Translation industry at the crossroads

The translation industry is faced with a major opportunity or danger in 2013. It appears to be continuing straight on at the crossroads without fully appreciating what options are to the left and right.

→ To the right are clients trying to work out how to sell to new cultures.

← To the left are the IT developers with all their enthusiasm, gadgets and gizmos.

Clients flirting with machine translation
Clients are flirting with machine translation. They are not translators. They do not appreciate the risks. They do not know how to outline the different translation services they require. They want something more than appears to be on offer. Some human translations provided seem little better than machine translations to them.

MT developers seeking to replace linguists?
Meanwhile, MT developers are enthusiastically trying to replace interpreters and translators. That may not be their intention. It is certainly the risk.
Each new MT development gets top billing in the press.
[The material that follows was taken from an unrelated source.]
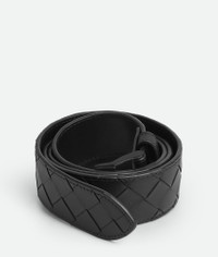 Intrecciato calfskin leather belt. Product Details - Prong closure - Our VN Preserve calfskin leather is crafted using the BioBasedLeather® process, which ensures a limited presence of petrol-based components and exclusive reliance on renewable energy sources. - Material: calfskin - Lining: Calfskin - Color: Black - Hardware: Black matt finish - Height: 3.5 cm | 1.4" - Depth: 0.5 cm | 0.2” - Made in: Italy - Product code: 799046V4KF18984

As in the recent Economist article, the drawbacks appear further down in the copy. Corrective copy rarely gets published. It is simply not as compelling.

Danger of a missing generation of linguists?
It must appear that linguists are on the way out to the general public. It must look like there is no future in languages. Why would parents encourage the subject or students pursue an apparent dead-end career? There is a danger that when the limitations of machine translation and interpreting are exposed, there will be a complete generation of missing linguists. The disinformation is already doing damage and machine translation has a lot of linguistic problems to solve yet.
IT developers do not set out to undermine translators and interpreters. The consequences of their research and development are not always quite what they had envisioned. Translation memory tools are designed to assist translators. I can clearly recall translators resisting using them. Some still do. Machine translation (MT) is meeting with the same reaction from most translators today.

Cooperation and boundaries
It would be far better if the translation industry could cooperate with MT developers and establish best practices.  It would be preferable to agree with them which fields MT should focus on and which should be left to human translators. They should cease to compete in the same fields and/or agree on areas where their combined efforts are required, as in post-editing MT.
Human translators should concentrate on the higher end of the market. MT will probably always struggle to deliver here. Translators should specialise in particular fields, so that clients can clearly differentiate a quality divide between human and machine translation in future.
Clients have two distinctly different translation requirements. They need a fast, responsive service which human translators will struggle to meet. They also need high quality, creative marketing copy which MT can’t meet.
At the crossroads, MT developers, linguists and their clients need to meet in the centre and shake hands. They need to agree which directions they are all heading in and the territorial boundaries.